Selon le ministère de la santé nippon, un hikikomori est un jeune qui s'est retiré chez lui et qui ne prend plus part à la société, sans qu'aucune pathologie mentale ne puisse être identifiée comme cause première. En France, il n'y a pas de mot spécifique pour les désigner. On parle de «retrait social», de «décrochage scolaire» ou de «phobie sociale». Si ce comportement est encore peu connu du grand public, il suscite de nombreuses questions de la part de chercheurs, de plus en plus convaincus que le phénomène hikikomori touche de nombreux jeunes en France : pourquoi se retirent-ils dans leur chambre, laissant tomber amis, études et projets de vie ? Comment le vivent leurs familles ?

Pas une pathologie, une conduite

À Paris, le Dr Marie-Jeanne Guedj-Bourdiau travaille sur ces questions depuis 25 ans. Les hikikomori sont le plus souvent de jeunes garçons, âgés de moins de 30 ans, qui vivent chez leurs parents. Ils rentrent généralement dans la catégorie des «NEET» car ils ne sont ni étudiant, ni employé, ni stagiaire (voir encadré ci-dessous). La psychiatre en voit régulièrement en consultation. «Un hikikomori, c'est quelqu'un qui n'a plus envie, qui ne veut plus rien», décrit le Dr Guedj. «Il n'y a pas d'opposition, de conflit, il est dans une sorte de résistance passive». Pas une pathologie, ni même un syndrome, le fait d'être hikikomori s'apparente à une «conduite», poursuit la psychiatre, qui rappelle que le phénomène ne figure pas dans le manuel diagnostique et statistique des troubles mentaux.

L'enfermement, pas un plaisir

Chez les spécialistes, la durée de l'enfermement fait débat. Au Japon, on estime qu'il doit durer depuis 6 mois pour qu'une personne soit considérée comme hikikomori, alors qu'en Chine et en Corée du Sud, on place ce seuil à seulement trois mois. En revanche, la plupart des experts pensent que les patients atteints de maladies psychiatriques lourdes doivent être distingués des hikikomori. La définition officielle japonaise précise à ce titre que les schizophrènes sont considérés comme hikikomori jusqu'à ce que le diagnostic soit posé, rapporte dans son ouvrage le psychologue Nicolas Tajan basé à Tokyo et spécialiste du sujet au Japon.

C'est le cas de Ael, 32 ans, qui se revendique hikikomori. Diagnostiqué schizophrène depuis peu, il vit reclus depuis 13 ans dans un «chalet» de 9 m² au fond du jardin familial dans le sud de la France. Entre un lit et un bureau, il passe toutes ses journées ici. «Je parle sur internet à plein de gens, c'est mon seul moyen de communication», raconte-t-il. «Puis je dessine, je programme, j'occupe mon temps comme je peux».
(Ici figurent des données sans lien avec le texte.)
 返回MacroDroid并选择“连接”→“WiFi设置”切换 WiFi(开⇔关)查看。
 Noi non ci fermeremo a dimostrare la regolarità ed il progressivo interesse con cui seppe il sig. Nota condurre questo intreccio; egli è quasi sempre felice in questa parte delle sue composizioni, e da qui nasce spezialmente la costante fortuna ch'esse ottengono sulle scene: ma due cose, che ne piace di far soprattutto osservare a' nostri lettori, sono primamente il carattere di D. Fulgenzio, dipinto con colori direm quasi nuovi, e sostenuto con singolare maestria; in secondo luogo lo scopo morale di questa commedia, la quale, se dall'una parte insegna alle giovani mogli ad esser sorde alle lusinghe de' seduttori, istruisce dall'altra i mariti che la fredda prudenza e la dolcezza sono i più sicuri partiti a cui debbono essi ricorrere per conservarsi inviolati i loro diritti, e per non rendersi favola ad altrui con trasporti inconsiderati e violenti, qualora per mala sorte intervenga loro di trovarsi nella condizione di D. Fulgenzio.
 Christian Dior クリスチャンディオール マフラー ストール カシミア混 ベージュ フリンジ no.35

Pour autant, l'enfermement n'est «pas un plaisir» et il arrive que la solitude lui pèse. C'est une des raisons pour lesquelles il a créé un groupe Facebook destiné aux «Hikikomoris et reclus sociaux». «Ça fait du bien de discuter avec des gens qui parlent le même langage», commente-t-il. Aujourd'hui, ce groupe d'échanges et d'entraide affiche près de 90 membres, dont une douzaine de filles. Aucun n'a souhaité répondre à nos questions.

Un mot pour une situation

Hikikomori : Ce terme désigne les situations de retrait social extrême. Il vient du Japon, «Hiki» signifiant «intérieur» et «komori» voulant dire «enfermé».
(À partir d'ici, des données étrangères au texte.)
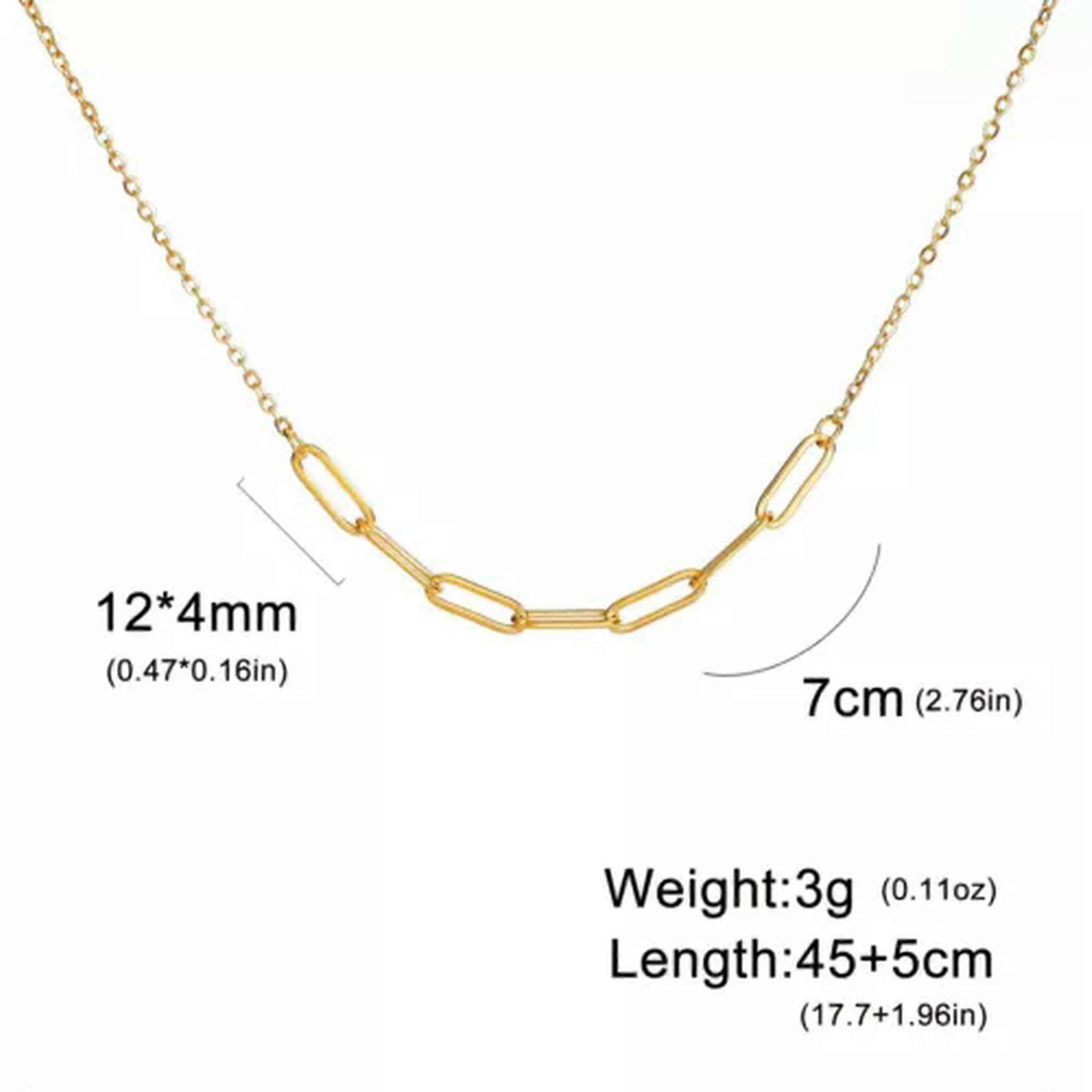 RSAMD Paper Clip Link Chain Necklace for Women Stainless Steel Trendy Jewelry Gift-45-50 cm-Gold-color

Futoko : Le terme désigne les adolescents qui refusent d'aller à l'école.

Sotokomori : C'est un hikikomori qui décide de sortir de chez lui et de voyager, sans avoir de contact avec autrui. Ce terme vient également du Japon, «Soto» signifiant «extérieur» et «komori» voulant dire «enfermé».
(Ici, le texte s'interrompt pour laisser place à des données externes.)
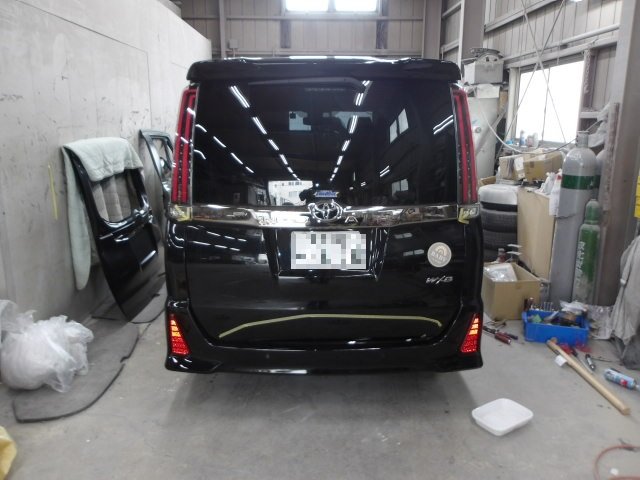 神奈川県座間市|ノア(トヨタ)のキズ・へこみ直し事例(リヤゲート交換 バックドアオープニングフレーム鈑金)

Normie : C'est une personne «normale» qui n'a aucune difficulté à sortir de chez elle.

NEET : Cet acronyme signifie Not in Education, Employment or Training (ni étudiant, ni employé, ni stagiaire). Il définit une catégorie de jeunes (15-29 ans) qui ne sont ni en emploi, ni en étude, ni en formation.

IRL : In real life, c'est-à-dire dans la vraie vie.